# Exercise prompt
Only the lines from the one containing "iPad电容笔推荐2025明星单品九:亿-色磁吸防丢款电容笔" through the end of the data are wanted, reproduced exactly and without pictures.

--- Records shown Enclosed Below ---

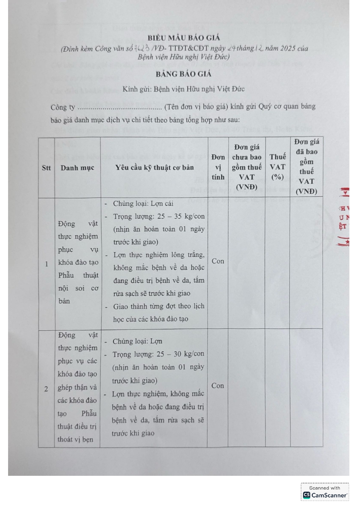 Bệnh viện Hữu nghị Việt Đức yêu cầu báo giá động vật thực nghiệm phục vụ các khoá đào tạo tại bệnh viện
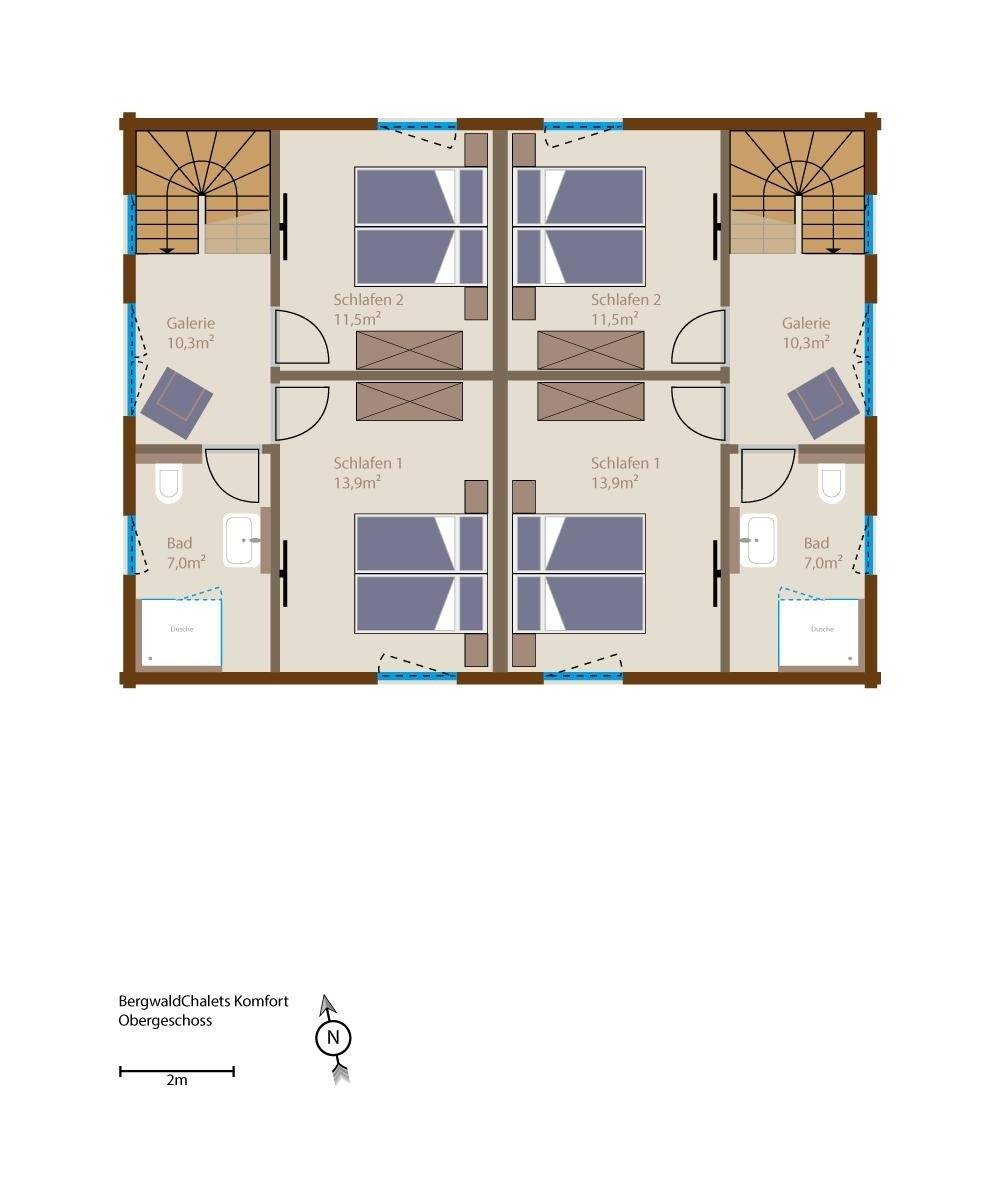 In einer ruhigen Sackgasse schmiegen sich das exklusive Bergwaldchalet "Komfort 2" an einen Hang mit Südwest-Ausrichtung. Das als Doppelhaus konzipierten Chalet ist von Natur umgeben. Rechts plätschert – wenn er Wasser führt – ein Bach und unterhalb des Chalets trifft sich gelegentlich das Rotwild zum „Abendessen".
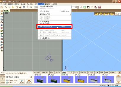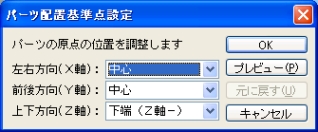 パーツを選択して、メニューの [編集] から [ パーツ配置基準点設定 ] を選択します。[ パーツ配置基準点設定 ] ウィンドウで、[ 左右方向(X軸) ] を [ 中心 ] 、 [ 前後方向(Y軸) ] を [ 中心 ] 、 [ 上下方向(Z軸) ] を [ 下端 ] に設定して [ OK ] をクリックします。
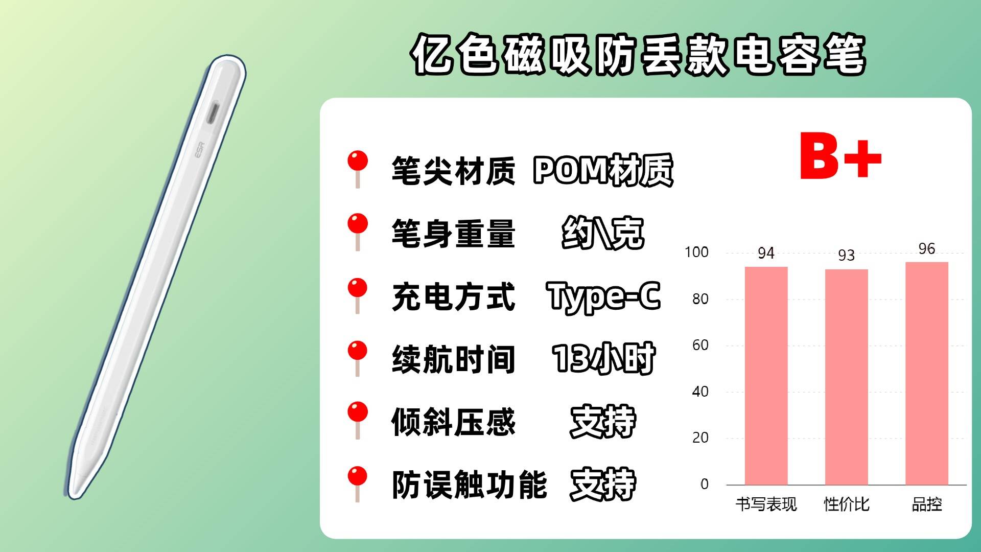 iPad电容笔推荐2025明星单品九:亿-色磁吸防丢款电容笔
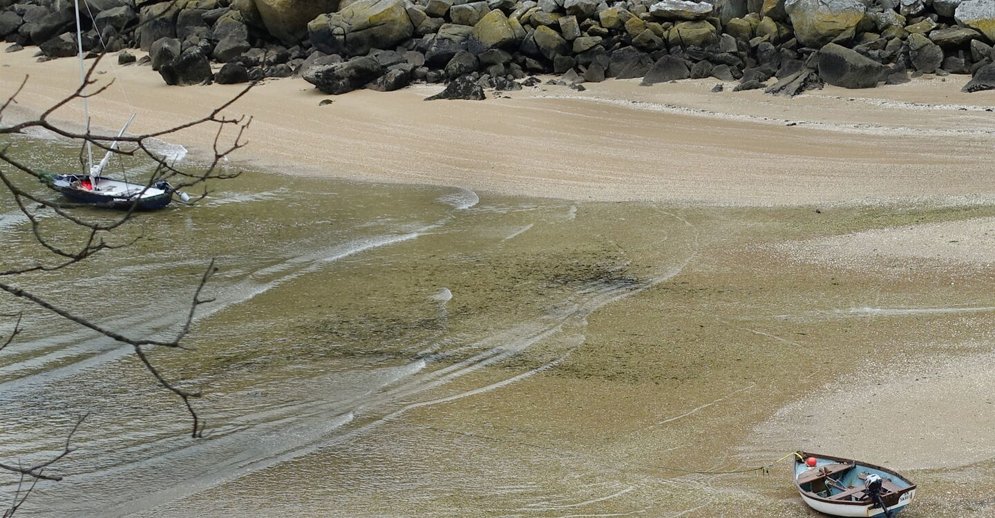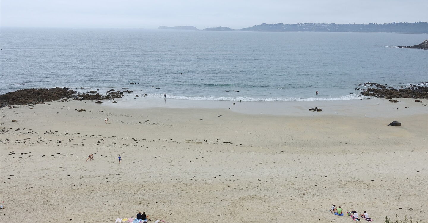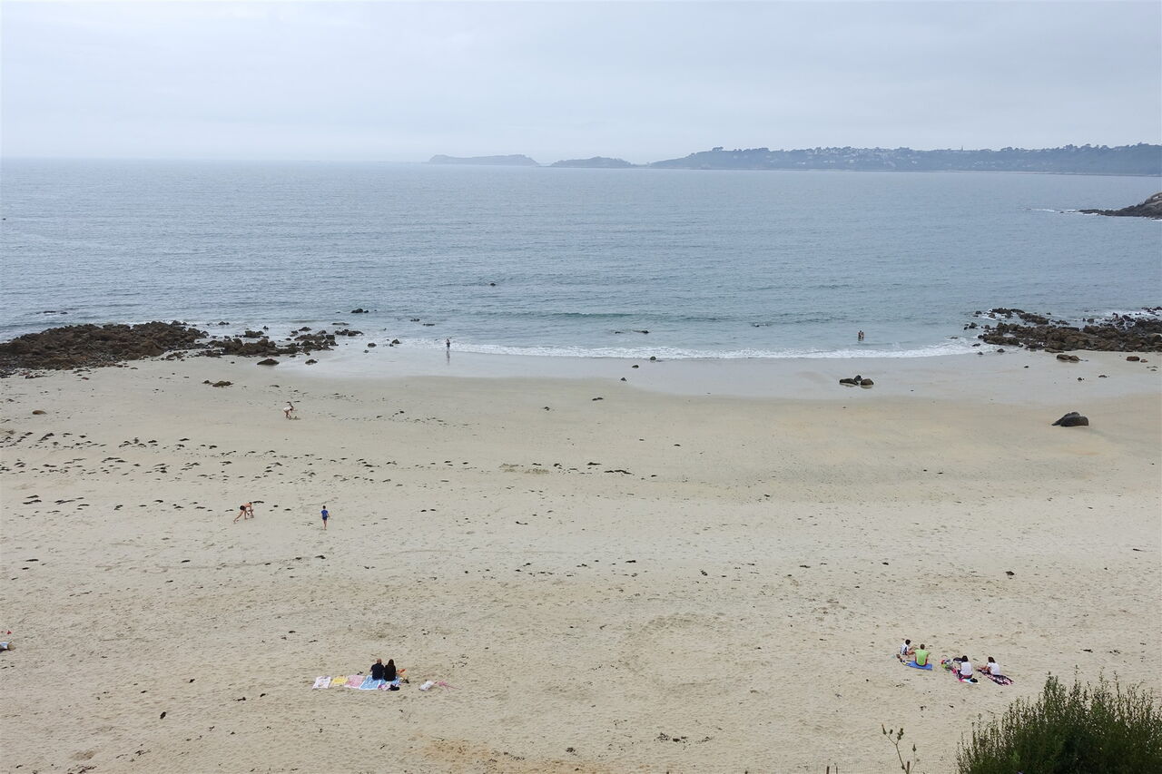 Wir gehen ein kurzes Stück auf der schmalen Straße links bergauf, prachtvolle und farbenfrohe Anwesen schmiegen sich in den steilen Hang. Bei einem weißen Haus zweigen wir halb rechts auf die Piste ab. Es folgt ein Wegabschnitt mit einer tollen Aussicht, man schaut über die Bucht Bai de la Vierge bis auf das offene Meer. Kurz später entfernt sich der Pfad von der Küste, nach einem steilen Abstieg und hinter einer Hauszufahrt kann man rechts zu einem Strand heruntergehen. Sonst gehen wir geradeaus und bergauf an einer mit Efeu überwucherten Mauer entlang. Hinter einem grünen Einfahrtstor halten wir uns halb rechts, passieren ein Metalltor und erreichen die wunderschön gelegene Bucht des 03 Plage de Saint-Quiriou (18 m).

--- End of Enclosed Records shown ---

# Solution below
 iPad电容笔推荐2025明星单品九:亿-色磁吸防丢款电容笔
 Wir gehen ein kurzes Stück auf der schmalen Straße links bergauf, prachtvolle und farbenfrohe Anwesen schmiegen sich in den steilen Hang. Bei einem weißen Haus zweigen wir halb rechts auf die Piste ab. Es folgt ein Wegabschnitt mit einer tollen Aussicht, man schaut über die Bucht Bai de la Vierge bis auf das offene Meer. Kurz später entfernt sich der Pfad von der Küste, nach einem steilen Abstieg und hinter einer Hauszufahrt kann man rechts zu einem Strand heruntergehen. Sonst gehen wir geradeaus und bergauf an einer mit Efeu überwucherten Mauer entlang. Hinter einem grünen Einfahrtstor halten wir uns halb rechts, passieren ein Metalltor und erreichen die wunderschön gelegene Bucht des 03 Plage de Saint-Quiriou (18 m).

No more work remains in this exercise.